Lo miro, sorprendida por la pregunta.

– Sí -respondo con sinceridad.

¿Cómo puede haber llegado a significar tanto para mí en tan poco tiempo? Se me ha metido bajo la piel, literalmente. Sonríe y se le ilumina la mirada.

– Yo también te voy a echar de menos. Más de lo que imaginas -me dice.

Se me alegra el corazón al oír sus palabras. Lo está intentando, de verdad. Me acaricia suavemente la mejilla, se inclina y me besa con ternura.

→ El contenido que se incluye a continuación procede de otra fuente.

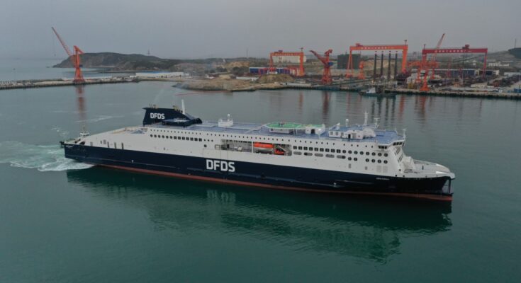 CÔTE D’OPALE er den 5 færge i serien af pt. 9 E-Flexer færger, som Stena RoRo får bygget på det kinesiske værft CMI Jinling (Weihai).

A última hora de la tarde espero sentada y nerviosa al señor J. Hyde en el vestíbulo de Seattle Independent Publishing. Es mi segunda entrevista de hoy y la que más me interesa. La primera ha ido bien, pero era para un grupo mayor, con oficinas en todo el país, y yo no sería más que una de las muchas ayudantes editoriales. Imagino que semejante máquina corporativa me engulliría y me escupiría bastante rápido. En SIP es donde quiero estar. Es pequeña y poco convencional, aboga por los autores locales y tiene una interesante y peculiar lista de clientes.

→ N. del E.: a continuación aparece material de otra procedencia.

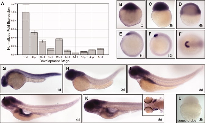 Fig. 2 lzap is expressed during epiboly and organogenesis. A: Relative expression of lzap mRNA in developing fish embryos. lzap expression was determined by quantitative reverse transcriptase-polymerase chain reaction (qRT-PCR) at indicated developmental stages and normalized to β-actin expression. hpf, hours postfertilization; dpf, days postfertilization. B–K: Representative photographs of lzap expression during development as determined by in situ hybridization. Embryos are depicted in lateral view, except for the animal pole view shown in F′. B–D: Ubiquitous expression of maternal lzap was detected throughout cleavage stages (B,C) and expression was maintained into early epiboly (D). E,F: After epiboly from 9–12 hpf, lzap expression was concentrated in the precordal plate and areas corresponding to the future hatching gland. G,H: At 1 days post fertilization (dpf) to 2 dpf lzap expression was more intense in the central nervous system (CNS), eye, and pharyngeal region. I: lzap staining was visible in the developing pharynx region, pharyngeal arches and in the primordial of the gastrointestinal organs at 3 dpf. J,K: lzap mRNA was detected at 4–5 dpf (J,K) in the pancreas and gastrointestinal tube, jaw and pharynx region, tectum, gills (see inset, K), and the hindbrain regions. L: Negative control with sense probe at 3 hpf reveals no staining.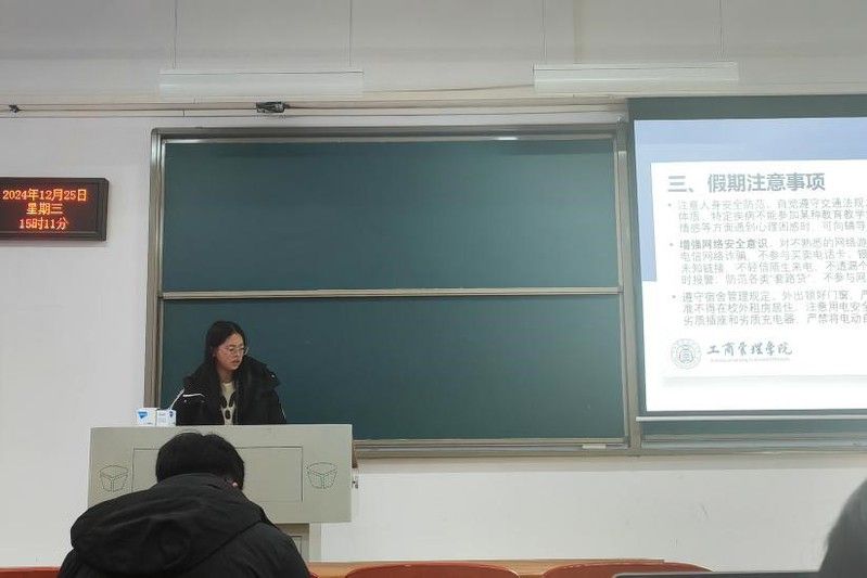 最后,范芳铭同学带领同学们重点关注寒假假期的注意事项,不仅加深了同学们对各类安全隐患的认识,更是增强了有关网络诈骗和遵守宿舍规定等方面的安全意识,提醒同学们无论是居家还是外出,都要时刻保持警惕,注意人身安全和财产安全,在保证假期生活安全的情况下,度过一个充实的假期。

El lugar resulta un tanto austero, pero creo que es una declaración de intenciones más que un indicio de frugalidad. Estoy sentada en uno de los dos sillones Chesterfield de piel verde oscuro, muy similares al sofá que tiene Christian en su cuarto de juegos. Acaricio la piel, apreciativa, y me pregunto distraída qué hará Christian en ese sofá. Divago pensando en las posibilidades… no, más vale que no piense en eso ahora. Me sonrojan mis pensamientos descarriados e inoportunos. La recepcionista es una joven afroamericana con grandes pendientes de plata y el pelo largo y liso. Tiene cierto aire bohemio; es de esa clase de mujeres con las que podría llevarme bien. La idea me reconforta. De vez en cuando me mira, apartando la vista del ordenador, y me sonríe tranquilizadora. Yo le devuelvo la sonrisa tímidamente.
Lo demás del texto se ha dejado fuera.